The long fight to make Apple's iMessage compatible with all devices has raged with little to show for it. But Google (de facto leader of the charge) and other mobile operators are now leveraging the European Union's Digital Market Act (DMA), according to the Financial Times. The law, which goes into effect in 2024, requires that "gatekeepers" not favor their own systems or limit third parties from interoperating within them. Gatekeepers are any company that meets specific financial and usage qualifications, including Google's parent company Alphabet, Apple, Samsung and others.
Low quality SMS. There are lots of things Apple could do to improve the experience of texting people without iMessage, lots of things built into the SMS standard that they do t implement.
Edit: wow thought this was commonly known. Basically Apple hasn’t adopted industry standard SMS improvements. There’s a whole campaign to try to get them to. Here’s an article explaining https://www.android.com/get-the-message/
This is an advertising campaign to get Apple to adopt Google's proprietary version of RCS, which is not the SMS standard. It is, functionally, Google's own version of iMessage, running Google software on Google servers.
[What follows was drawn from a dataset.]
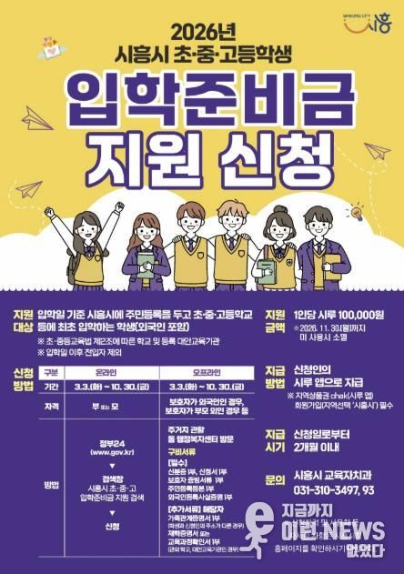 이런뉴스(e-runnews) 김삼성 기자 | 시흥시는 올해부터 관내 초중고 입학 자녀 가정에 입학준비금을 10만 원씩 지원한다. 이번 지원은 도서나 문구류 등을 새로 마련해야 하는 신입생 가정의 경제적 부담을 줄여주고, 교육 기본권을 강화하고자 추진됐다.

This is just false, it’s sent over carrier networks and the carriers decide whose infrastructure to use. Google is one of several options. RCS is an open standard and it is the industry standard for SMS. It’s literally why every other non iphone can send high quality pictures to each other. Apple not adopting it is anti competitive.
The carriers never bothered to implement RCS; they just outsourced the whole thing to Google.
That nobody uses.
It's meant as a replacement for SMS. It's not just some new version of SMS that Apple hasn't upgraded to, which is what you were basically saying earlier.
It's a messaging service used exclusively by Android phones. iPhones all support iMessage; Androids (mostly) all support RCS. All of those iMessages go over Apple's servers; all of those RCS messages go over Google's servers.
For what it's worth, iPhones have supported sending full-quality pictures to everyone over a legitimately open protocol since launch day. It's called email.
Google's attempts to legally force Apple to adopt its proprietary platform is transparently anticompetitive.